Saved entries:

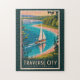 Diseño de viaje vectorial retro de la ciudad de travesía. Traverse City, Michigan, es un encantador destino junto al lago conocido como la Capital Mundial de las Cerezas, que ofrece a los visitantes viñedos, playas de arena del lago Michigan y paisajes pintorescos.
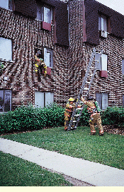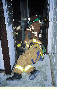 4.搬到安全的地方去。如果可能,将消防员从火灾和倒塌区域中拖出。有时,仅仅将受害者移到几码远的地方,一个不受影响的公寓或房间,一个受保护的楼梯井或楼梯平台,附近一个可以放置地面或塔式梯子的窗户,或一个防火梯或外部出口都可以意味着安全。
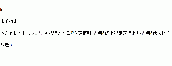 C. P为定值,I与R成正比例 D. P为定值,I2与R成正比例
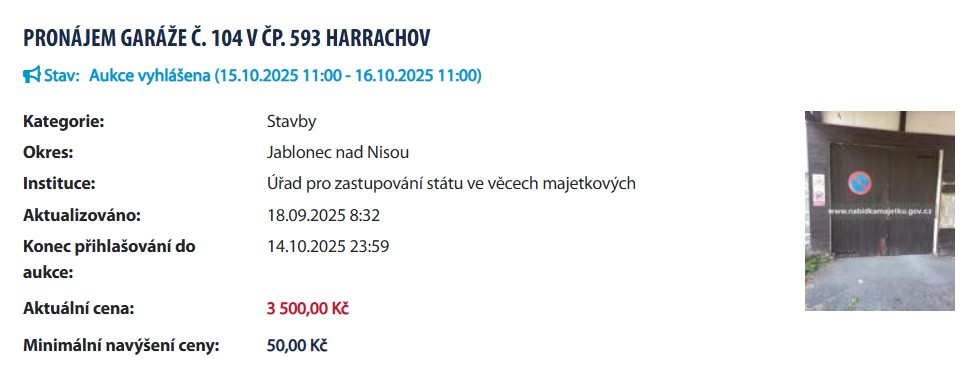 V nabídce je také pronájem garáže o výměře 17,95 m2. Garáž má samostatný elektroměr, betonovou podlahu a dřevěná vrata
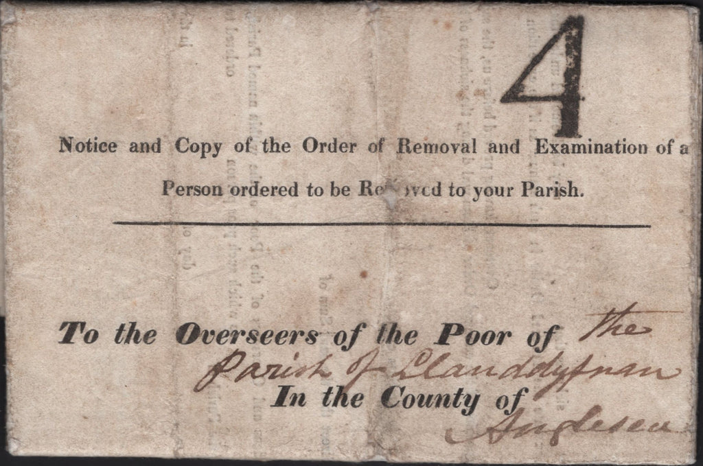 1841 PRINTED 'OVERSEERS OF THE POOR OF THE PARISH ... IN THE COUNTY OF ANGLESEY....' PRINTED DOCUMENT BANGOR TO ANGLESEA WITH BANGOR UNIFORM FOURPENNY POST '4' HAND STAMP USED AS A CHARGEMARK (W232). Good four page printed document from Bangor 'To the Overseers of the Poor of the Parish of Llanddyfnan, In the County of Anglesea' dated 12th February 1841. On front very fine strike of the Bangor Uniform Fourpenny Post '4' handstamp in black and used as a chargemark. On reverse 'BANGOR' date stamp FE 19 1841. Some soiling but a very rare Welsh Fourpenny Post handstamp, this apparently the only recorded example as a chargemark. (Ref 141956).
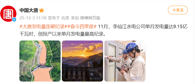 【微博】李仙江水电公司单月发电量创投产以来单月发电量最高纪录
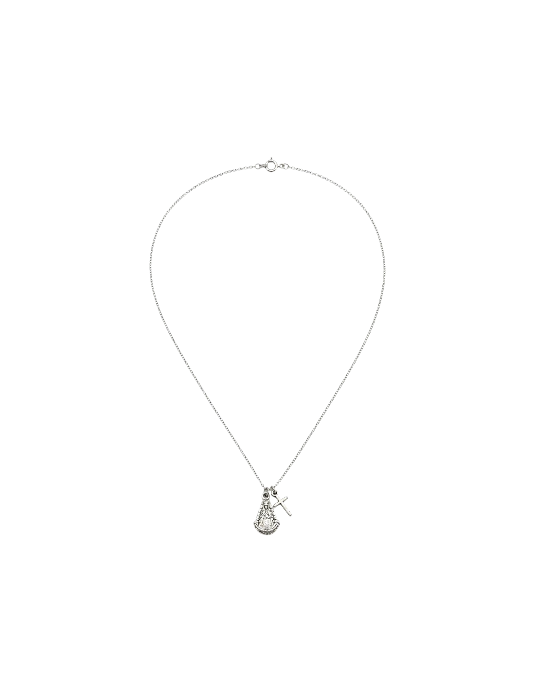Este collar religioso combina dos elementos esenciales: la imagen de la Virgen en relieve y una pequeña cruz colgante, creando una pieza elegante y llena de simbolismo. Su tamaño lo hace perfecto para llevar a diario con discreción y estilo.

▶ **WHAT TO WORK ON**
Your answer is an exact copy of the records above, stripped of pictures.

▶ **RESPONSE BOX**
 Diseño de viaje vectorial retro de la ciudad de travesía. Traverse City, Michigan, es un encantador destino junto al lago conocido como la Capital Mundial de las Cerezas, que ofrece a los visitantes viñedos, playas de arena del lago Michigan y paisajes pintorescos.
 4.搬到安全的地方去。如果可能,将消防员从火灾和倒塌区域中拖出。有时,仅仅将受害者移到几码远的地方,一个不受影响的公寓或房间,一个受保护的楼梯井或楼梯平台,附近一个可以放置地面或塔式梯子的窗户,或一个防火梯或外部出口都可以意味着安全。
 C. P为定值,I与R成正比例 D. P为定值,I2与R成正比例
 V nabídce je také pronájem garáže o výměře 17,95 m2. Garáž má samostatný elektroměr, betonovou podlahu a dřevěná vrata
 1841 PRINTED 'OVERSEERS OF THE POOR OF THE PARISH ... IN THE COUNTY OF ANGLESEY....' PRINTED DOCUMENT BANGOR TO ANGLESEA WITH BANGOR UNIFORM FOURPENNY POST '4' HAND STAMP USED AS A CHARGEMARK (W232). Good four page printed document from Bangor 'To the Overseers of the Poor of the Parish of Llanddyfnan, In the County of Anglesea' dated 12th February 1841. On front very fine strike of the Bangor Uniform Fourpenny Post '4' handstamp in black and used as a chargemark. On reverse 'BANGOR' date stamp FE 19 1841. Some soiling but a very rare Welsh Fourpenny Post handstamp, this apparently the only recorded example as a chargemark. (Ref 141956).
 【微博】李仙江水电公司单月发电量创投产以来单月发电量最高纪录
Este collar religioso combina dos elementos esenciales: la imagen de la Virgen en relieve y una pequeña cruz colgante, creando una pieza elegante y llena de simbolismo. Su tamaño lo hace perfecto para llevar a diario con discreción y estilo.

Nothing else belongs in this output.